# Maas bei Limburg



## momobobby (9. Februar 2010)

möchten in august an der Maas bei Limburg angeln gehen doch habe ich das problem das ich mich dort nicht auskennen tuhe. meine frage ist ob dort in der Maas bei limburg auch für eine woche das angeln möglich ist damit meine ich: Ferienhaus für 2Personen mieten(wenn ja wie teuer), ob dort in der nähe ein ruhiges angeln möglich ist und ob es sich dort lohnt hin zu fahren(Raubfischangeln)?Wäre sehr dankbar für hilfe und die unterstützung meines ersten Urlaubs|wavey:


----------



## Udo561 (9. Februar 2010)

*AW: Maas bei Limburg*

Hi,
ja , bekommst auch Wochenscheine 
http://www.angeln-in-den-niederlanden.de/vergunning.htm
Ich kann wie immer nur das hier http://www.ferienparkleukermeer.de/
empfehlen weil ich es kenne und für sehr gut befinde , gibt aber sicher auch noch andere Möglichkeiten.
Gruß Udo


----------



## totaler Spinner (10. Februar 2010)

*AW: Maas bei Limburg*



momobobby schrieb:


> ob dort in der nähe ein ruhiges angeln möglich ist


 
Nein, im Sommer sieht es an den Plassen und der Maas in Limburg aus wie im Forellenpuff, so viele Angler sind dort.

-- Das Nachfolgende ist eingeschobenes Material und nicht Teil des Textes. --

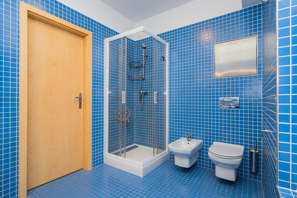 Dvě toalety: jedna koupelna s vanou i sprchovým koutem a toaletou, druhá toaleta zvlášť.

Dazu sind noch unzählige Boote unterwegs. Die Rücksicht aufeinander läst zu wünschen übrig. Es gibt Bootsfahrer die an den Plassen ufernah in die Angelschnüre preschen obwohl dort genügend Platz ist einen Bogen rum zu machen. Genauso wie Angler die an der Maas ihre Montage übern halben Fluss werfen, wo je nach Verkehrsaufkommen die Boote keine andere Möglichkeit haben außer äußerst rechts zu fahren.|krach:#q
Man kann eigentlich sagen je weiter von der deutschen Grenze entfernt umso ruhiger kann man dort Angeln und umso besser sind dort die Bestände.


----------



## Udo561 (10. Februar 2010)

*AW: Maas bei Limburg*



totaler Spinner schrieb:


> Nein, im Sommer sieht es an den Plassen und der Maas in Limburg aus wie im Forellenpuff, so viele Angler sind dort. Dazu sind noch unzählige Boote unterwegs.



Hi,
genau das ist der Grund warum wir vor vielen Jahren Roermond schon den Rücken gekehrt haben 
Ich bin wirklich froh das es am Leukermeer selbst im Sommer um einiges ruhiger ist , überhaupt kein Vergleich zu Roermond :q
Aber so mancher braucht ja den Trubel , wir nicht :q
Gruß Udo


----------



## totaler Spinner (10. Februar 2010)

*AW: Maas bei Limburg*

Der Trubel dort geht mir auch auf den Keks, bin aber schon länger als ein viertel Jahrhundert dort, kenne die Plassen noch als richtige Baggerlöcher und Oolderhuuske war noch eine Kuhweide. Leider hab ich damals noch nicht ernsthaft geangelt, da war der Fischbestand noch in Ordnung. Ich werde die nächsten Jahre wohl noch dort verbringen, lebe Zeitweise auf dem Wasser. Ist halt meine zweite Heimat. Irgendwann später will ich dort auch weg, aber dann direkt nach Zeeland. 
Auf dem Weg zur Nordsee hab ich früher paar mal im Leukermeer übernachtet, (jetzt geht es in ca.16 Std durch bis zur Schleuse Lith) auf Angler hab ich nicht so geachtet, aber im Sommer waren dort auch sehr viele Boote unterwegs.
Sicher ist da noch nicht soviel los wie um Roermond. Hier wird es auf der Maas sicherlich bald die ersten Staus geben.:q


----------



## theundertaker (10. Februar 2010)

*AW: Maas bei Limburg*

Loooool =))

Das mit der Rücksicht stimmt voll und ganz...hatte im Oolderplas auch meine Angeln rausgelegt, aber keine tausend Meter und so n blöder A**** mit Boot muss genau an mir mitm Boot vorbeifahren und hat mir natürlich die Schnüre gekappt...fand ich echt nicht lustig, zumal der mich gesehen hat...der hat noch dazu dämlich gelacht und sich gefreut...der kann froh sein, dass er im Boot saß =))


----------



## Udo561 (10. Februar 2010)

*AW: Maas bei Limburg*

@ totaler spinner 

Ja , das waren noch Zeiten 
Ich kenne es auch noch so , meine Eltern hatten vor gut 25 Jahren auf dem CP Hatenboer einen Saisonplatz.
Da standen nur ein paar WoWa und die Sanitäreinrichtungen bestanden aus ner Bretterbude |supergri
Da war man unter der Woche alleine am oder auf dem Wasser .
Fisch ohne Ende , den musste man noch nicht mal suchen , am CP ne Grundangel mit Köderfisch ausgelegt und Zander und Aal ließen nicht lange auf sich warten.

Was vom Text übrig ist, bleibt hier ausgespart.